Si eres formador freelance o trabajas en un centro de formación y estás intentando vender cursos bonificables por tu cuenta, este post es para ti.
Porque sí, vender formación bonificada puede abrirte muchas puertas, pero si no tienes detrás una buena gestión… esas puertas se cierran solas.
Aquí van los errores más frecuentes que me encuentro en mi día a día (y que puedes evitar):
❌ Prometer que un curso es bonificable… y luego no poder justificarlo
No todo vale. Hay que cumplir requisitos: duración, modalidad, tutores, plataforma, documentación…
✅ Solución: antes de ofrecerlo como “bonificable”, asegúrate con una gestora de que realmente lo es.
❌ No saber calcular la bonificación ni explicarla al cliente
¿Hasta cuánto se puede bonificar? ¿Cómo se aplica en los Seguros sociales? Si no sabes responder, generas desconfianza.
✅ Solución: apóyate en alguien que pueda calcular y explicarlo contigo (¡puedes usar este vídeo para orientarte! 👉 https://lnkd.in/dFdr5FTP).
❌ Dejar al cliente solo con la gestión
El curso puede ser buenísimo, pero si el cliente no tiene quien le gestione la bonificación, puede echarse atrás.

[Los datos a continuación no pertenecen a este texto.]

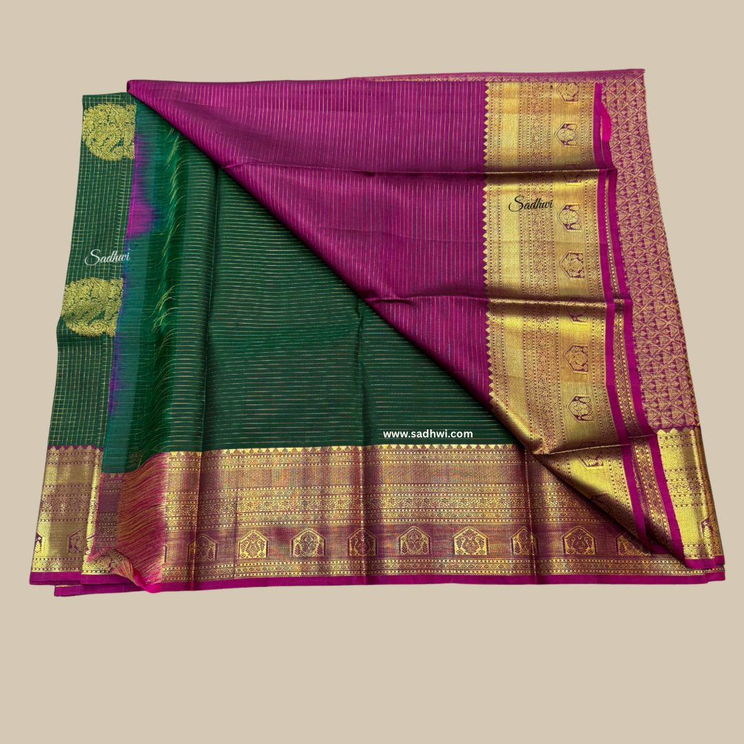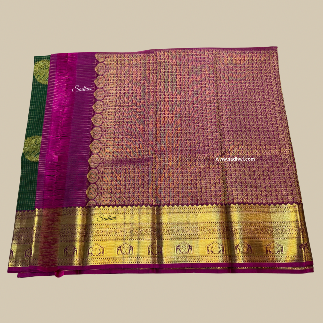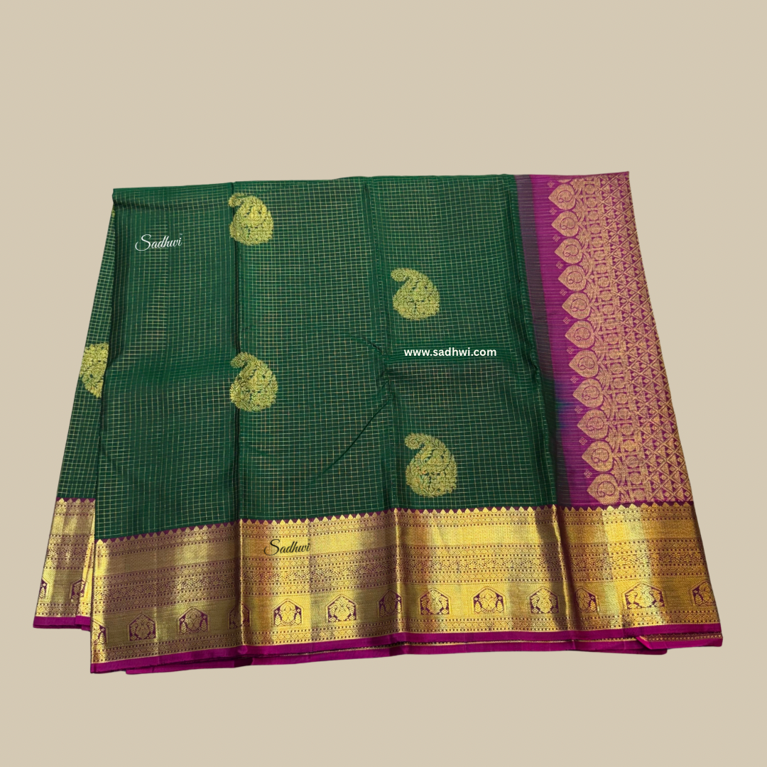 Immerse yourself in the timeless elegance of this Bottle Green with Wine Checks Pure Traditional Kanchipuram Silk Saree, where heritage meets grandeur in every weave. The deep, lustrous bottle green body is adorned with subtle wine-hued checks, creating a classic yet contemporary aesthetic. Crafted from the finest pure silk, this handwoven masterpiece reflects the rich legacy of Kanchipuram artisans. The wine contrast border and pallu, woven with intricate gold zari motifs, exude regal charm and cultural richness. Each thread speaks of age-old craftsmanship, blending tradition with sophistication. Perfect for weddings, festivals, and ceremonial occasions, this saree is a statement of poise and pride. The smooth silk drapes with a graceful fall, enhancing your silhouette with understated luxury. Paired with a coordinated blouse, it completes a look that is both dignified and dazzling. This saree is not just a garment—it is a celebration of tradition woven in silk. Own a piece of art that transcends time.

✅ Solución: trabaja con una gestora que ofrezca ese servicio y tú céntrate en lo tuyo: formar.
❌ No comunicar correctamente los cursos en FUNDAE
Sin alta previa o sin documentación adecuada… ¡adiós bonificación!
✅ Solución: que lo gestione una persona que lo haga todos los días y no se salte ningún paso.
❌ Pensar que “ya lo mirarás cuando salga un curso”
Y cuando te sale, ya vas tarde y pierdes la oportunidad.
✅ Solución: ten todo preparado de antemano. Colabora con una gestora desde el minuto cero.
Y es que tú no tienes por qué saber de plazos, documentos o incidencias. Tú sabes de formación. Así que, por favor, delega la gestión en quien se dedica a ello y conviértete en un formador que ofrece soluciones completas (y sin sustos).